1. A method of generating a set of grammar rules for a given language, referred to as the required set of grammar rules, comprising the steps:

(a) acquiring a set of phrases in the given language, those phrases existing in a corpus of phrase translation pairs;
(b) generating a set of grammar rules in respect of the set of phrases;
(c) generating, by an analysis generator and using said set of grammar rules, for each member of the set of phrases, a respective set of analyses;
(d) ascertaining, for each of the analyses, the respective alternations thereof;
(e) ranking the alternations in accordance with a predetermined criterion;
(f) responding to a trigger by actually or effectively transferring the current highest ranking alternation or alternations from the ranked list of alternations to a list of selected alternations and entering a trigger-waiting state; and
(g) responding actually or effectively to the entry of the trigger-waiting state by ascertaining whether there exists, for each member of the stored set of phrases, at least one analysis corresponding to the current list of selected alternations acting as grammar rules, and either generating a said trigger upon a negative outcome or taking no action upon a positive outcome, whereupon in this latter case the current list of selected alternations is then deemed to be the required set of grammar rules.

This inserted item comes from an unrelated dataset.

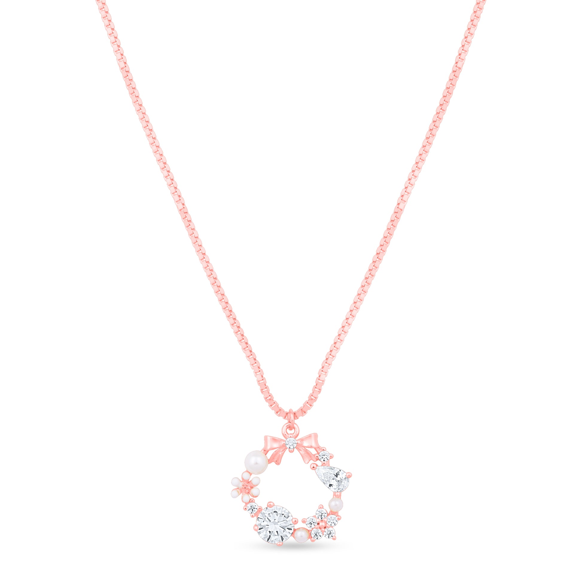 Read moreWhimsical and elegant, the Charm Bloom Pendant is crafted in 92.5 sterling silver and available in rhodium, gold, and rose gold finishes. Adorned with shimmering stones, delicate florals, pearls, and a sweet bow—this heart-shaped pendant is a graceful symbol of joy and femininity.

2. A method as claimed in claim 1, wherein the ranking step (e) comprises the substeps:

(e1) ascertaining, for each analysis for a said phrase, respective frequencies of each of its alternations;
(e2) ascertaining, for all said analyses of the said phrase, respective highest frequencies of each of the alternations;
(e3) repeating substeps (e1) and (e2) for each remaining phrase of said set of phrases and ascertaining, for each of the alternations, the sum of the associated respective highest frequencies; and
(e4) ranking the alternations by their respective sums.

3. A method as claimed in claim 1, wherein said set of grammar rules consists of all possible grammar rules, and wherein, for each member of the set of phrases, its corresponding set of analyses consists of all possible analyses.

4. A method as claimed in claim 1, wherein step (b) is constituted by step (c); and wherein step (c) comprises the substeps:

(c1) parsing each respective member of the set of phrases with a dependency grammar chart parser having an agenda and a chart; and
(c2) forming packed edges in the chart.

5. A method as claimed in claim 4, wherein substep (c1) comprises the substep (c1.1) initialising the agenda with inactive edges formed from headwords identified in the respective member of the set of phrases.

6. A method as claimed in claim 5, wherein substep (c1) further comprises the substep (c1.2) adding to the agenda, for each inactive edge removed from the agenda by the operation of the chart parser, one or more active edges created using said set of grammar rules.

7. A method as claimed in claim 1, wherein step (b) and step (c) are together constituted by generating, by a dependency representation generator, for each member of the set of phrases, a respective set of dependency representations, the dependency representations constituting said analyses.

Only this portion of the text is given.